Literally Reruns – Hugo and Me on the Moon by Pete Able

Leila has rootled out one of the few stories in the site that features an animal – well a bird actually but – you know- a not human character. Anyway here is what she said.

Persons whose surnames begin “Ab” usually find themselves first in alphabetized lines. This can be a blessing when the thing lined up for is free money, not so when it means setting the standard for both success and shame in Phys. Ed., with all eyes trained on the Ab-person, who is always the trend setter, willingly or otherwise. Moreover, in alphabetized competitions, we “All” types, usually found skulking a head or two back in the queue, do not root for the Ab person all that hard because whatever the Ab-person does will require some sort of effort on our part to equal or come reasonably close to what the Ab-person has accomplished. Putting forth any kind of effort is the bane of an All-person, who, despite the prefix, is usually not an “all in” person.

So it has come to pass that Pete Able is the first name people see when they visit the LS author index. This also means that his is the first name skipped by eyes that go down the queue in search of their own name. It’s a cruel and thoughtless world we live in that allows such circumstances to be, but every so often the light of hope shines on the unjustly overlooked.

Hugo and Me on the Moon deserves a second look because it is a rare funny-sad science fiction piece. The situation is as bleak as one can imagine, yet the desire to live, even in this worst possible scenario, is quite moving when you stop to think about it.

Q: Do you find it difficult to write scrupulous Sci-Fi and still endow it with the human touch?

Q: Please describe the process of moving the narrative along via use of the dialogue between the MC and the parrot. Even though a parrot doesn’t understand what it says, you were able to use that and have it make sense. I found that quite good and subtle.

Leila Allison

***

Hugo and Me on the Moon

Pete’s responses:

Q: Do you find it difficult to write scrupulous Sci-Fi and still endow it with the human touch?

A: This is pretty much the only Sci-Fi thing I’ve ever written. It was originally the first chapter of a book I started to write, but after the main character got picked up by an alien spaceship and was essentially lost in space, I lost much of the humor and didn’t know where to go with the plot. For me the humor of the story is what carries it along. I think that’s where the human touch comes in.

Q: Please describe the process of moving the narrative along via use of the dialogue between the MC and the parrot. Even though a parrot doesn’t understand what it says, you were able to use that and have it make sense. I found that quite good and subtle.

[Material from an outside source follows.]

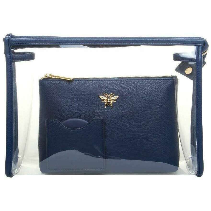 Introducing this women's 3 piece beauty set by Alice Wheeler London, it is manufactured from 100% vegan faux leather in a navy colour. It measures clear case: 21cm(height) x 30cm(width) x 8cm(depth) beauty case: 13.5cm(height) x 20cm(width) x 6cm(depth) compact: 7.4cm(height) x 8.2cm(width). It is recommended to wipe clean with damp cloth to keep this bag in good condition. All the bags come complete in alice wheeler london packaging. The Alice Wheeler London 3 Piece Beauty Set - Navy will make a superb addition to your collection, giving you 2 storage cases and a handy compact mirror. The clear case is perfect for travelling while the stylish make-up bag will look elegant on your dresser and will keep all of your beauty products in one place. Both the make-up bag and compact are embellished with the beautifully iconic Honeybee. This set is perfect as a gift idea.
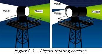 | Airport beacons help a pilot identify an airport at night. The beacons are operated from dusk till dawn and sometimes they are turned on if the ceiling is less than 1,000 feet and/or the ground visibility is less than 3 statute miles (SM) (visual flight rules minimums). However, there is no requirement for this so a pilot has the responsibility of determining if the weather is VFR. The beacon has a vertical light distribution to make it most effective from 1-10° above the horizon, although it can be seen well above or below this spread. The beacon may be an omnidirectional capacitor-discharge device or it may rotate at a constant speed which produces the visual effect of flashes a regular intervals. The combination of light colors from an airport beacon indicates the type of airport. [Figure 6-5] |

A: Thank you. It was fun to play with the dialogue between Hugo and the main character. I spend a lot of time writing inconsequential dialogue, dialogue that does little to further the plot but helps set a mood, and so this was like the epitome of that. Without really knowing what I was doing, it was interesting to find that even though Hugo didn’t know what he was saying, his words still had an effect on the main character and on the tone of the story. It’s funny, I tend to think of Hugo as a bit of a jerk, and that he got what he had coming, but really he’s just an innocent bird.

 

2 thoughts on “Literally Reruns – Hugo and Me on the Moon by Pete Able

  1. Hi Leila,
    I’d forgot how much I enjoyed this story.
    Love the questions for one specific reason…
    …Excellent answers Pete. I was very interested to read your thoughts on dialogue setting the mood. I totally agree that if dialogue is used well then so much of the soul destroying description can be cut right back.